Setiba di stasiun Hualamphong senja hari, kami kembali ke Train Inn untuk mengambil tas yang sebelumnya kami titipkan di sana. Nah kebingungan dimulai. Sebenarnya rencana kami adalah menuju ke daerah Khaosan, pusatnya backpacker berkumpul di Bangkok. Namun sebelumnya, kami harus ke Sai Tai Mai, terminal bus selatan Bangkok untuk membeli tiket yang akan membawa kami ke Krabi esok hari. Namun kami tidak punya petunjuk harus naik kendaraan apa untuk ke sana, dan juga berapa jauh jarak ke sana, termasuk apakah tiket untuk tujuan esok hari masih tersedia atau tidak. Oya sebagai pemberitahuan saja, ketika itu Thailand bagian selatan belum lama dihantam badai besar, sehingga kereta api tujuan selatan Bangkok berhenti beroperasi karena terendam banjir. Alternatifnya hanya naik pesawat atau naik bus, karena jalan tol nya tidak terendam banjir. sehingga asumsi saya, turis ketika itu pasti akan banyak yang menggunakan moda transportasi bus.

New Joe Guest House, Khaosan

Ketidak jelasan cara memperoleh tiket ke Krabi itulah yang membuat kami sempat sedikit galau saat itu. Akhirnya diputuskan untuk membeli tiket bus via travel agent yang letaknya tidak jauh dari stasiun Hualamphong. Harga tiket bus swasta yang dijual di travel agent ini memang lebih mahal bila dibandingkan dengan membeli tiket bus milik pemerintah di Sai Tai Mai (800 B : 600 B). Karena pertimbangan kepraktisan, dan jaminan memperoleh tiket bus, akhirnya kami putuskan untuk membeli via agent tersebut, keputusan yang akhirnya kami sesalkan kemudian.
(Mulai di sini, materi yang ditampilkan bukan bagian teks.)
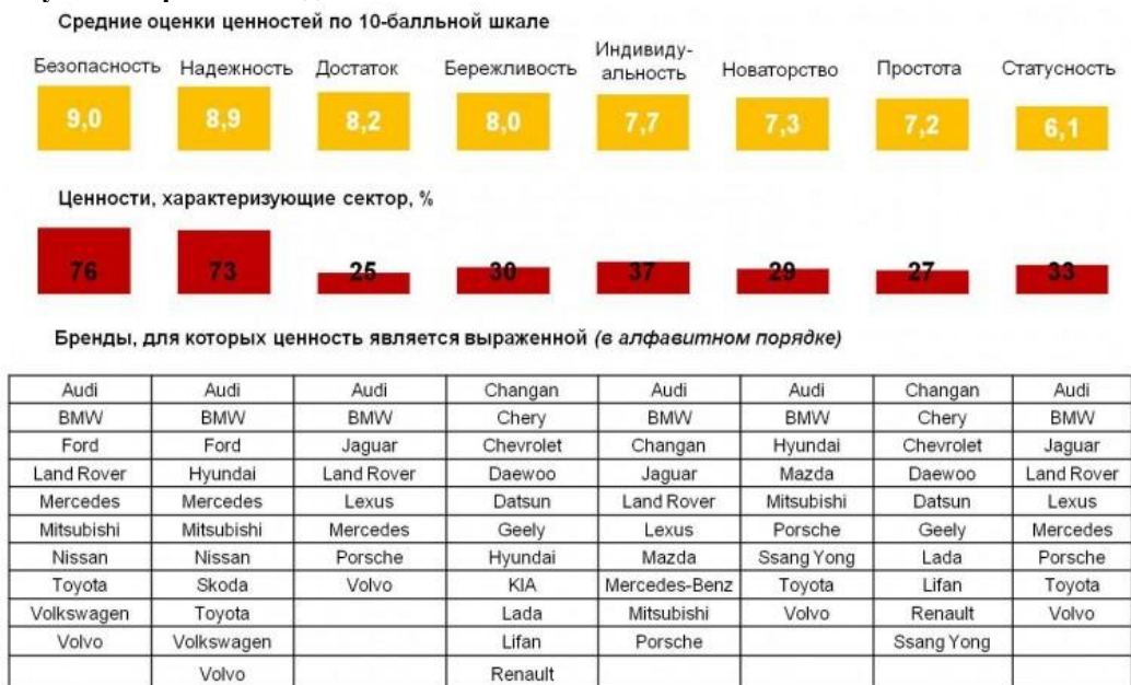
Рисунок 1. Результаты расчета индекса DNA.

Ценностям "Достаток" и "Статусность" соответствуют марки автомобилей премиального и высокого класса, такие как Audi, BMW, Jaguar, Range Rover, Lexus, Mercedes-Benz. Ценностям "Бережливость" и "Простота", напротив, соответствуют марки невысокого ценового сегмента, в числе которых китайские автомобильные бренды, а также Chevrolet, Renault и Lada. Наиболее важные ценности, которые являются как жизненными, так и ценностями, характеризующими сектор, присущи большинству автомобильных брендов, за исключением автомобилей китайских и российских брендов.

Kami juga menitipkan tas di travel agent ini, jadi ga perlu bawa tas banyak ke Khaosan.

Sebagai catatan, bus antar kota milik pemerintah di Thailand lebih direkomendasikan oleh banyak turis, karena memiliki standar pelayanan yang bagus, dan jauh dari ancaman scam.

Dari Hualamphong, kami menyewa tuk tuk menuju Khaosan. Setiba di Khaosan kami sempat bingung mencari New Joe Guest House, hostel yang sebelumnya sudah kami booking online. cukup lama kami berputar-putar mencari hostel ini, karena banyak gang kecil (Soi) di daerah Khaosan tersebut dan modelnya mirip-mirip semua. Singkat cerita kami menemukan hostel ini di ujung gang buntu.. luar biasa. Kamar yang kami pesan rate nya cukup murah.. hanya 500 B (150rb) untuk kasur triple with fan dan kamar mandi dalam. Kamar kami posisinya ada di lantai 5, dan tanpa lift.. mantabbb.

Pad Thai.. tablet comp ala Thai ni🙂

Setelah meletakkan tas di kamar dan mandi, kami lanjut menuju Khaosan untuk melihat suasana di malam hari, sekalian cari makan malam. Area Khaosan didominasi oleh wisatawan luar negeri, terutama kulit putih. Banyak terdapat bar di sepanjang jalan. Khaosan Road ini pada malam hari ditutup untuk kendaraan bermotor, walupun masih ada satu dua penduduk lokal yang mengendarai motor menembus kerumunan pejalan kaki. Penjual pad thai (semacam mie goreng ala Thai) banyak terdapat di beberapa sudut jalan, yang berjualan dengan model mobile, jadi bisa berpindah kapanpun. Ciri khas pad thai ini adalah dimasak menggunakan wajan lebar dan ceper, mirip wajan untuk menggoreng martabak. Selain pad thai, ada juga makanan lain, terutama makanan yang cocok untuk lidah barat. Penjual pakaian pun banyak tersebar memenuhi jalan. Karena mendekati festival Songkran, ambience Khaosan hari itu semarak dengan pernak pernik menyambut Songkran. Apa itu Songkran?? Silahken googling J. Oya, malam itu kami memilih untuk makan pad thai dan pizza murmer. Setelah capek, kami segera kembali ke hostel dan langsung tidur. Untungnya posisi hostel kami agak di belakang, jadi tidak terganggu suara bising dari bar.